Ukrainian Schismatics and Uniates Hope to Create Single Patriarchate in Communion with both Rome and Constantinople, Says Uniate Head

Pravmir.com team | 11 January 2019

Kiev, January 10, 2019 – According to Svyatoslav Shevchuk, Head of the Ukrainian Uniate organization, it is necessary to make every effort to restore the original unity of the Catholic and Orthodox “branches” of the Kiev Church.

Moreover, it is necessary to distinguish between the concepts of “unity” and “unification,” Shevchuk explained in a recent interview with Glavkom.

“This is our position that I tried to declare during the celebrations for the 1,030th anniversary of the Baptism of Rus’-Ukraine. ‘Unification’ is what happened today in the bosom of Ukrainian Orthodoxy, when a new structure was created with Local status. But when we talk about an ‘outstretched hand,’ we’re talking about unity, that is, while remaining ourselves, we can and must cooperate in the name of the good of the Ukrainian people, in the name of truth, in the name of the search for universal unity with Christians, which we call the ecumenical movement.”

According to him, the Ukrainian Greek Catholic Church (UGCC) is seeking for a way to restore unity with the “now divided Kievan Church that was once born in the baptismal waters of the Dnieper,” and this is “wholly within the context of the modern ecumenical movement for the restoration of the unity of all Churches of Christ, the rapprochement of the Orthodox and Catholic Churches.”

Shevchuk earlier said that the idea of restored Eucharistic communion between the Orthodox and Uniates is their “joyful prospect.” For now, the new Ukrainian schismatic church and the Ukrainian Uniates have developed a road map for cooperation in various areas, “Metropolitan” Epiphany Dumenko explained.

Following October 15’s “unification council,” Shevchuk hailed the consolidation of two schismatic structures into one as “God’s gift” on the way to the “full unity of the Churches of Vladimir’s Baptism.” He also noted at that time, that from then on, the two groups “go together into history, towards unity, towards truth.”

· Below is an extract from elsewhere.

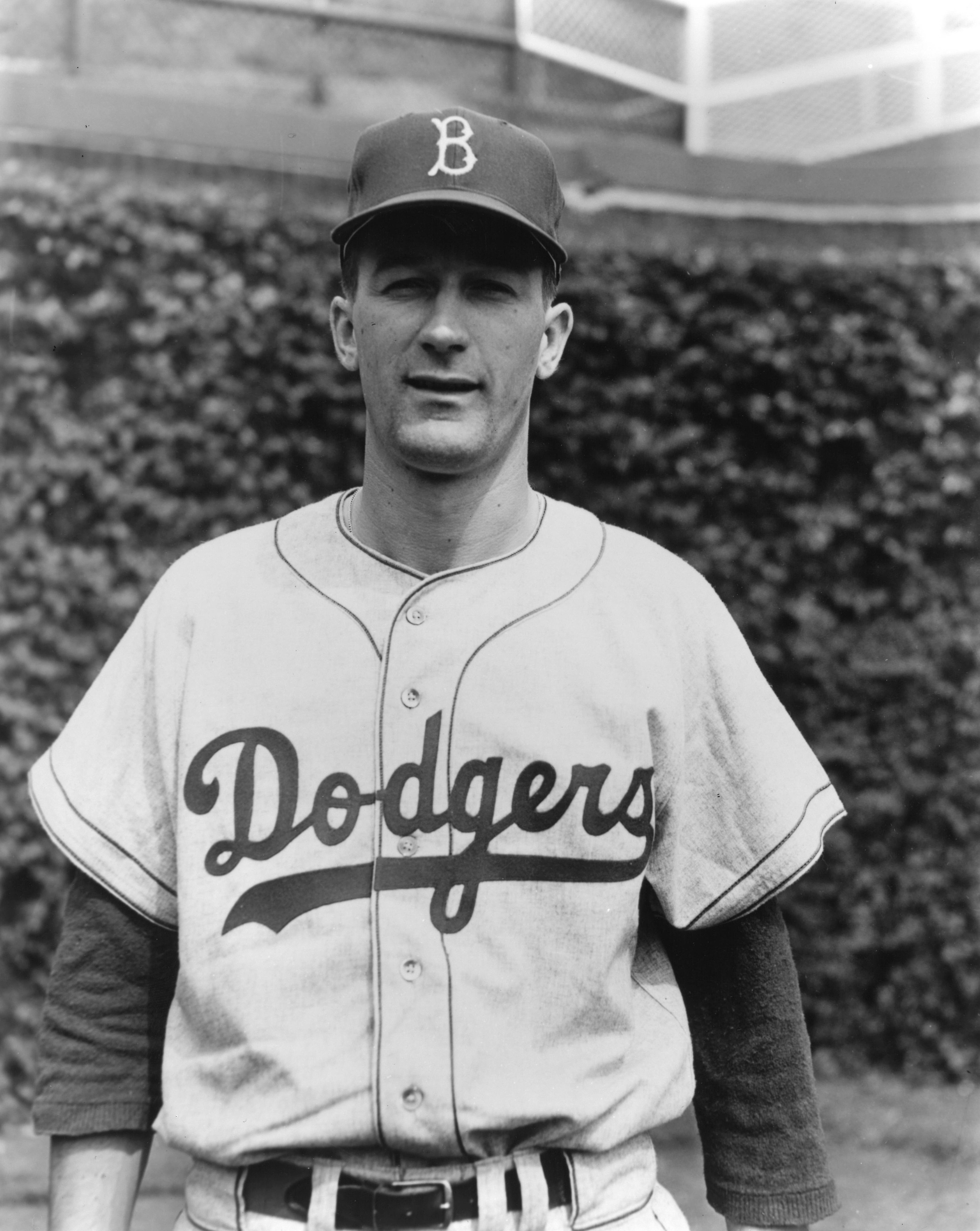 This picture was taken in Wrigley Field in 1957 when he pitched his first game.

In his view, the restoration of Eucharistic communion between the Orthodox and Catholic would be a “fulfillment of the commandment of Christ, where ‘all will be one.’” And this will be accomplished, he believes, by the new Ukrainian structure joining the ecumenical movement:

Today the ecumenical movement at a universal scale is a fact. It cannot be stopped anymore. That is why it is very important for our sister church, the newly-born Autocephalous Orthodox Church of Ukraine, to join it. So that it not be closed off into itself. And this search for universal unity between Catholic and Orthodox Churches is very dynamic in Ukraine. It is no wonder that St. Pope John Paul II once called Ukraine a ‘laboratory of ecumenism’…

The point was that we did not build two different patriarchates, but sought to create a unified Kyivan Patriarchate, which would be recognized both by the Holy See in Rome and by Constantinople. We are aware that this kind of unity will be possible when the ecumenical process is crowned at the universal level by the restoration of Eucharistic communion between Rome and Constantinople. This is not utopian thinking, as some people call it. This is the goal of the ecumenical movement.

“We know that the mother Church of Kiev, which is the common root of both Ukrainian Orthodoxy and the Greek Catholic Church, reacted painfully to the gap between Rome and Constantinople. For many years the primate, episcopate, monastics, and faithful of the Kiev Church considered it a local conflict, a quarrel between the Latins and the Greeks. But later this gap tore the interior of the Kiev Church to shreds. And that is why today it is necessary to make every effort not only to overcome the division within Ukrainian Orthodoxy, but also to seriously theologize, pray, and work to restore the original unity of the Kiev Church in its Orthodox and Catholic branches. And the UGCC bears the mystical Church memory of the undivided Christianity of the first millennium,” Shevchuk concluded.